The world of mechanical pencils isn’t what it once was.

If you visit a stationery or office supply store today, you will generally find two sorts of mechanical pencils: click, and clutch. A click pencil is the one with skinny little leads, which are advanced with a “click”, by pushing the end button. Clutch pencils are usually found in the drafting tools, and hold a hefty 2 mm lead. When you push on the end, three claws push out of the end, releasing the lead.

But once upon a time, there were more. And they are there still, waiting to be discovered.

However, there can be some confusion as to how to operate vintage mechanical pencils; how to fill them; how to care for them. Hopefully this article will help to clear up some of the confusion.
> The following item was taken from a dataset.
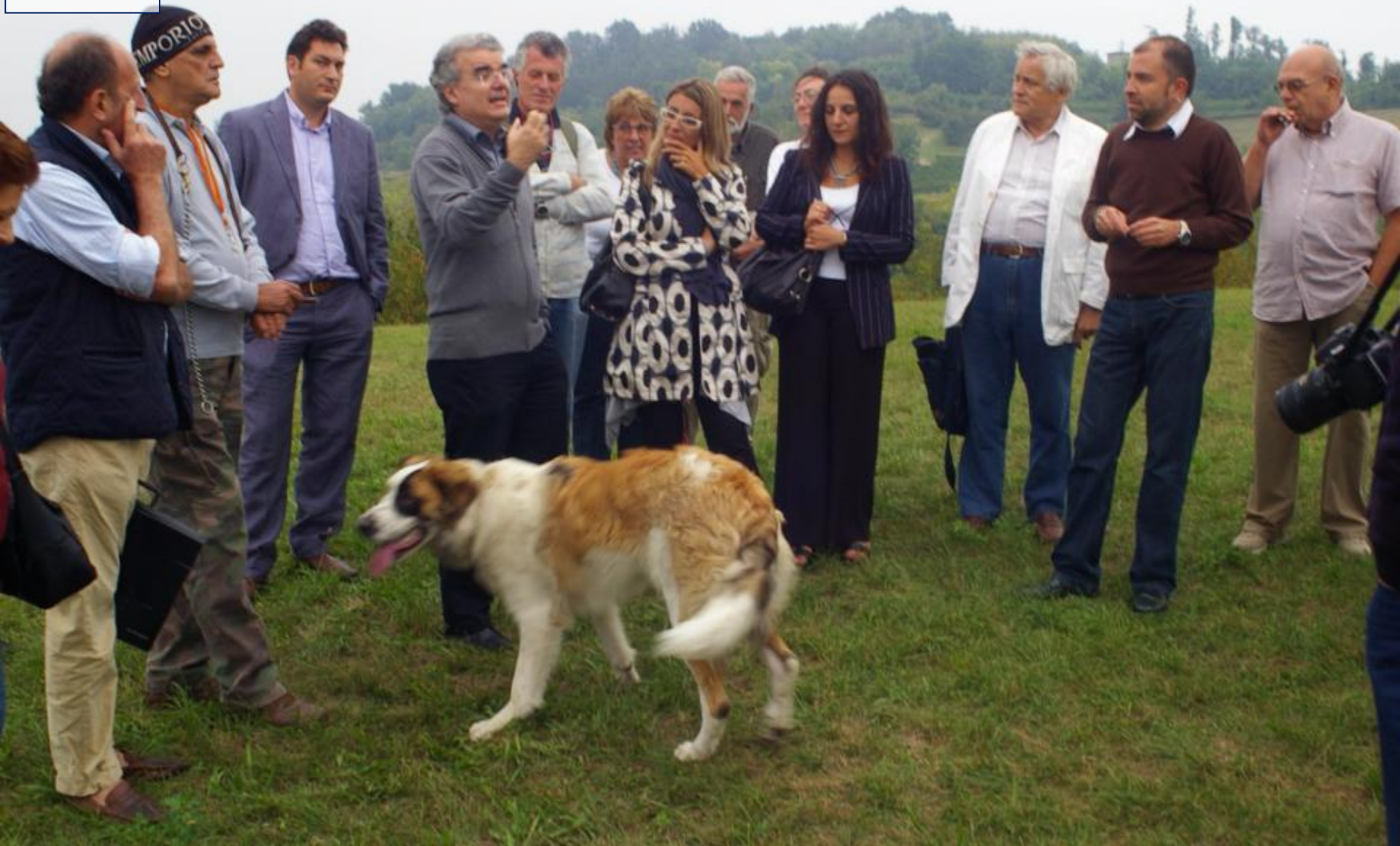
SOPRALLUOGO pubblico ai luoghi della richiesta di Dichiarazione di notevole Interesse pubblico del paesaggio di Schierano (Passerano Marmorito Lunedì 6 settembre 2010)

Although mechanical pencils became popular, there was always a place for the simple clutch pencil, essentially unchanged for two hundred years. Much to the irritation of those in love with them, they will be ignored in this article, and we focus on their more complicated cousins, the true mechanical pencils.

Beginnings: Sampson Mordan
1822 Mordan Patent Drawing

1822 Mordan Patent Drawing

In the early 1800s, a silversmith named Sampson Mordan filed a patent for what would become the basis of almost all mechanical pencils: the helical drive. This began a renaissance in pencils, and thousands were produced, modified, and adapted, throughout the world.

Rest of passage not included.